*** Provided material ***

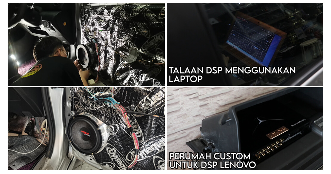 Bagi mendapatkan penalaan dan audio yang lebih baik, Nik Cheong memulakan proses rombakan dengan Digital Signal Processor atau DSP Lenovo Music Book Pro (Black). Fungsi DSP ini adalah untuk tuning audio yang lebih baik berbanding crossover. Apa yang lebih menarik, ianya mudah dipasangkan dengan menggunakan soket plug and play.
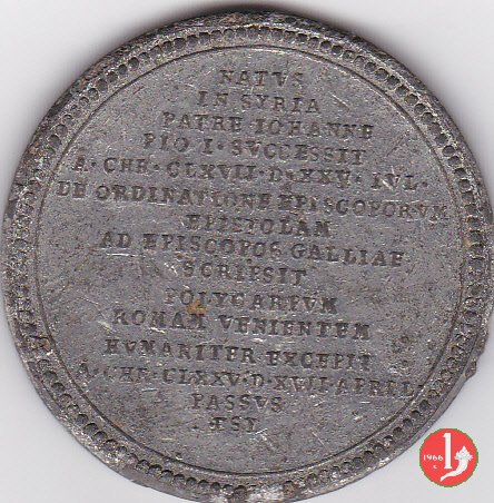 17- Di restituzione Lauffer (1712 - Norimberga) DRITTO: tonsured bust right S.ANICETVS__PONT.MAX P.H.M. on truncation ROVESCIO: biography in Latin tin (Sn) Other references:
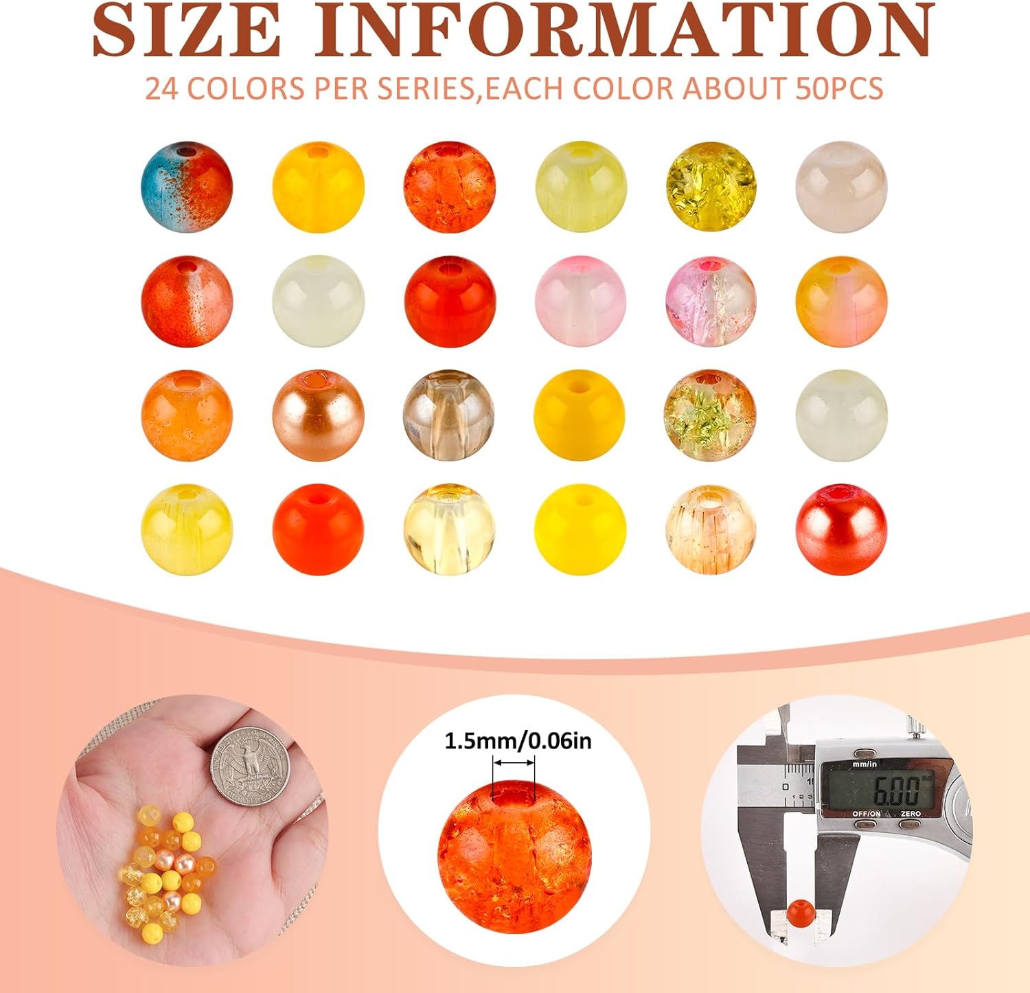 XSEINO About 1200PCS 6mm Glass Beads Bracelet Making Kit,24 Assorted Warm Yellow Wilt Series Colorful Crystal Beads for Bracelet and Jewelry Making and DIY Crafts,Friendship Bracelets

*** End of Provided material ***

**Required action**
Word for word, reproduce all of the data, but keep out the pictures.

**Solution below**
 Bagi mendapatkan penalaan dan audio yang lebih baik, Nik Cheong memulakan proses rombakan dengan Digital Signal Processor atau DSP Lenovo Music Book Pro (Black). Fungsi DSP ini adalah untuk tuning audio yang lebih baik berbanding crossover. Apa yang lebih menarik, ianya mudah dipasangkan dengan menggunakan soket plug and play.
 17- Di restituzione Lauffer (1712 - Norimberga) DRITTO: tonsured bust right S.ANICETVS__PONT.MAX P.H.M. on truncation ROVESCIO: biography in Latin tin (Sn) Other references:
 XSEINO About 1200PCS 6mm Glass Beads Bracelet Making Kit,24 Assorted Warm Yellow Wilt Series Colorful Crystal Beads for Bracelet and Jewelry Making and DIY Crafts,Friendship Bracelets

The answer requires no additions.